Geçen ay Meksika, göçmenleri sınır dışı etme işlemlerini otobüsler ile yürütmekten ziyade Teksas sınırındaki Tamaulipas ve Chihuahua eyaletlerinden Honduras’ın San Pedro Sula kentine ve güney Meksika şehirleri Villahermosa ve Tapachula’ya kadar uzanan alana “hava köprüsü” kurdu. Villahermosa ve Tapachula şehirleri, AMLO’nun kendi partisinden milletvekillerinin tanımı ile toplama kampları olan, en büyük göçmen gözaltı merkezlerini içerisinde barındırıyor.

ABD’nin kendi sınırında ise göçmenleri geri çevirmek için gaddarca yöntemler kullanılıyor. Eldeki son rakamlara göre, Nisan ayında ABD Sınır Devriyesi tarafından gözaltına alınan 178.622 göçmenden 111.714’ü, Hastalık Kontrol ve Önleme Merkezleri’nin, görünüşte pandemiyi kontrol etmeyi amaçlayan halk sağlığı talimatının 42. maddesi bahane edilerek bir çırpıda Meksika’ya sınır dışı edildi. Halk sağlığı uzmanları, söz konusu maddenin bilimsel hiçbir dayanağı olmadığını belirtiyor.

Yakalananlar, çoğu durumda, sınırın uzak bir bölümüne naklediliyor ve üstlerindeki kıyafetten başka hiçbir şeyleri olmadan Meksika’ya geri dönmeye zorlanıyor. Binlerce insan şu anda, su, yiyecek ve tıbbi bakıma erişimi olmayan ve günlük olarak şiddet ve insan kaçırma tehlikeleriyle karşı karşıya kaldıkları sefil çadır kamplarında mahsur durumda.

Sığınma hakkıyla ilgili hem uluslararası hem de ABD yasalarının bu ağır ihlali, ABD egemen çevrelerinin ortak politikasıdır.
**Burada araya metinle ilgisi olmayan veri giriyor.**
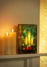 Add a glowing touch of tradition to your Christmas décor with this stained glass effect lit ornament. Featuring a double-sided design with glowing candles and holly, this festive tabletop decoration is lit from the centre with 50 warm white LED lights, creating a cosy stained-glass window look. Perfect for use on your table, mantel, shelf, or window display, it spreads warm seasonal charm while being easy to place anywhere thanks to its battery operation (2 x AAA, not included). A timeless Christmas decoration you’ll love bringing out year after year.

Biden yönetimi, eski faşizan ABD Başkanı Donald Trump’ın temel politikalarını sürdürmektedir.

Göçmen hapishanelerindeki koşullar, çocuklar da dahil olmak üzere göçmenlerin aşırı kalabalığa, aşırı soğuğa ve yenilemeyecek yiyeceklere maruz kalmasıyla, insanlık dışı kalmaya devam ediyor. Gözaltına alınan göçmenler arasında COVID-19 vakaları çığırından çıkmış durumda. Geçtiğimiz ay, İç Güvenlik Bakanlığı, gözaltına alınanların arasında 2.007 vaka gözlemlerken, aşılama oranının sadece yüzde 7 olduğunu bildirdi.

Kamala Harris’in “Amerika Birleşik Devletleri-Meksika sınırına tehlikeli yürüyüş” hakkında döktüğü timsah gözyaşları bir yere kadarmış. En büyük tehlikeler, ABD hükümetinin göçü bastırmak için kasıtlı olarak yarattığı tehlikelerdir. Bu durum, Trump yönetiminde olduğu kadar Biden yönetiminde de geçerlidir.

ABD’deki işçiler, ABD’ye girebilmek için hayatlarını riske atan Meksika ve Orta-Güney Amerikalı emekçilerin yardımına koşmalıdır. Bu insanlar, yüzyılı aşkın ABD emperyalist baskısının yarattığı barbarca koşullardan kaçan ve çoğu durumda çaresizce ailelerine kavuşmaya çalışan çocuklar, anneler ve babalardır.

Amerika Birleşik Devletleri’nde ve dünya çapında işçi sınıfı, COVID-19 pandemisinin kitlesel ölümlerinin ve hastalığının ortasında büyük kârlar elde eden aynı uluslararası şirketlere karşı mücadele içine çekiliyor. Bu mücadelelerin başarısı, işçilerin ulusal sınırların ötesinde birleşmesine bağlıdır. Bunun için, kapitalist partiler ve şirket yanlısı sendikalar tarafından yayılan yabancı düşmanlığı ve milliyetçilik koşulsuz olarak reddedilmeli ve göçmen işçilerin demokratik hakları olan istedikleri ülkede çalışma ve yaşama hakları savunulmalıdır.